Input data
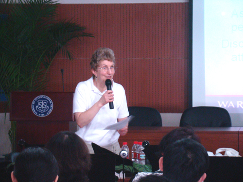 Helen Spencer-Oatey教授为前来参加研究班的全国多所院校的老师及研究生主讲的题目是Practicalities of Intercultural Research 和 Communicating Effectively in International Teams。Spencer-Oatey教授重点讲述了跨文化研究的设计,内容涉及跨文化交际研究中可能出现的问题和影响因素以及数据的采集等方面的问题,且与学员们一起以问卷翻译的对等性为例对数据采集过程中容易出现的问题进行了研讨。
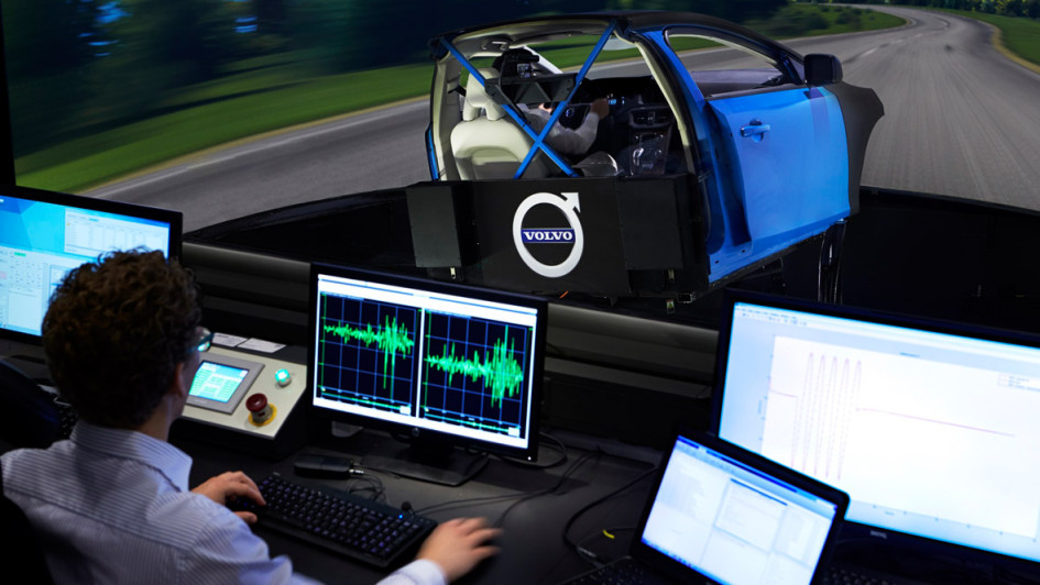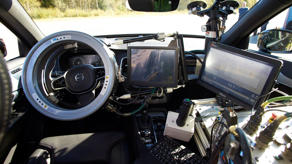 von 4: Einen Vorgeschmack liefert die Fahrt im umgebauten S80 auf der kurvigsten der 25 Teststrecken von Hällered. Die engen Biegungen meistert er ebenso souverän wie die eingebauten Bodenwellen, die beim rasanten Überfahren einfach weggebügelt werden.
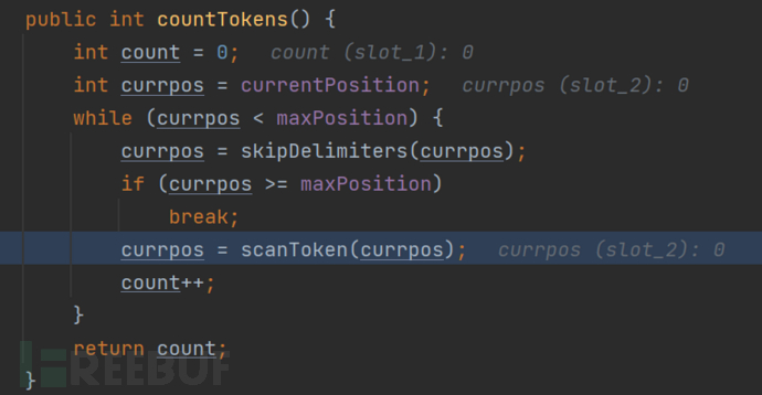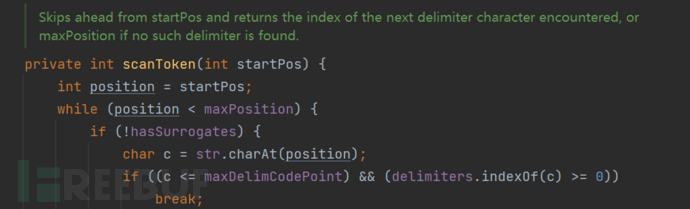 主要是利用skipDelimiters / scanToken这两个方法来进行切片操作的
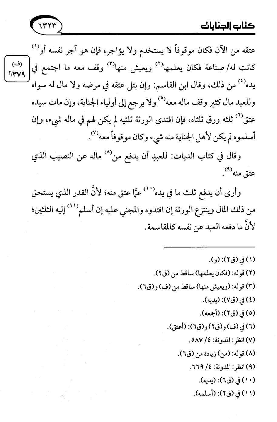 (¬7) انظر: المدونة: 4/ 587.
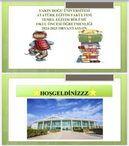 Yakın Doğu Üniversitesi Atatürk Eğitim Fakültesi Temel Eğitim Bölümü Okul Öncesi Öğretmenliği Ana Bilim Dalı tarafından 17 Ekim 2024 tarihinde oryantasyon etkinliği gerçekleştirildi (SKA: 4.1, 4.2, 4.3, 4.4, 4.5).
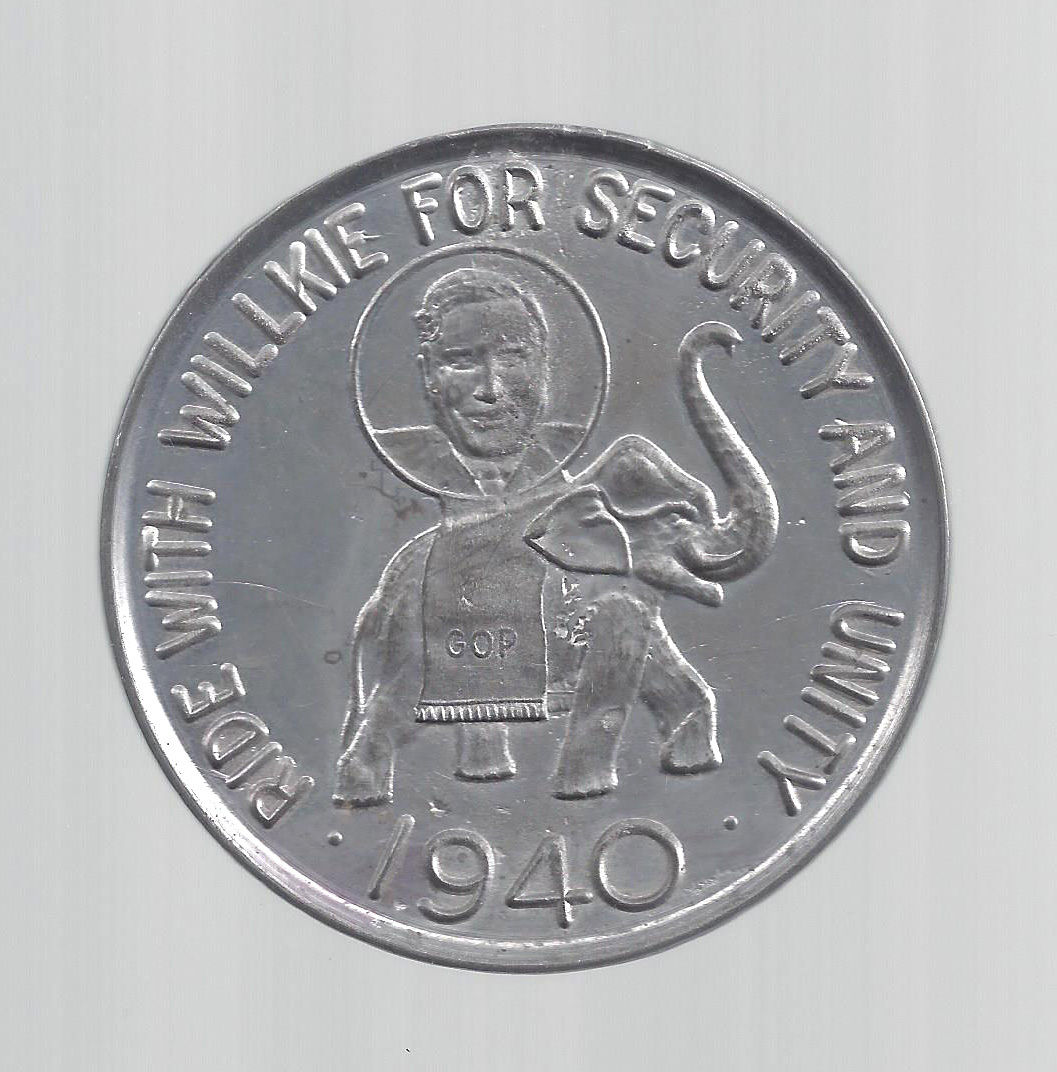 Title (ebay affiliate link): 1940 RIDE WITH WILLKIE FOR SECURITY AND UNITY HEAVY METAL GIANT TOKEN
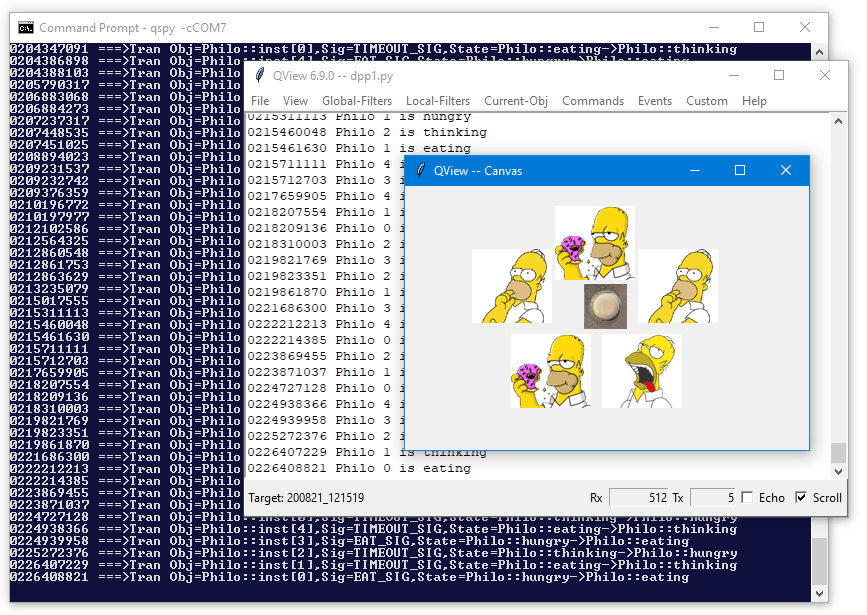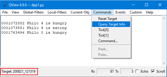 python3 qview.py dpp.py 192.168.1.101).Before QView™ can correctly interpret any data from the Target, it needs to obtain certain information about the Target, such as the sizes of object pointers, function pointers, event signals, etc. This information is provided in the QS_TARGET_INFO trace record coming from the Target.
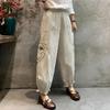 Pantalones Casuales de Mujer Cómodos con Bolsillo Elásticos Transpirables Algodón Lino Pantalones de Cintura Suelta Harajuku Pantalones de Moda Coreana

Work order
Could you repeat, exactly and with nothing else, the lines from the one containing "(¬7) انظر: المدونة: 4/ 587." through the last line of the records above, leaving out the pictures?

Expected output
 (¬7) انظر: المدونة: 4/ 587.
 Yakın Doğu Üniversitesi Atatürk Eğitim Fakültesi Temel Eğitim Bölümü Okul Öncesi Öğretmenliği Ana Bilim Dalı tarafından 17 Ekim 2024 tarihinde oryantasyon etkinliği gerçekleştirildi (SKA: 4.1, 4.2, 4.3, 4.4, 4.5).
 Title (ebay affiliate link): 1940 RIDE WITH WILLKIE FOR SECURITY AND UNITY HEAVY METAL GIANT TOKEN
 python3 qview.py dpp.py 192.168.1.101).Before QView™ can correctly interpret any data from the Target, it needs to obtain certain information about the Target, such as the sizes of object pointers, function pointers, event signals, etc. This information is provided in the QS_TARGET_INFO trace record coming from the Target.
 Pantalones Casuales de Mujer Cómodos con Bolsillo Elásticos Transpirables Algodón Lino Pantalones de Cintura Suelta Harajuku Pantalones de Moda Coreana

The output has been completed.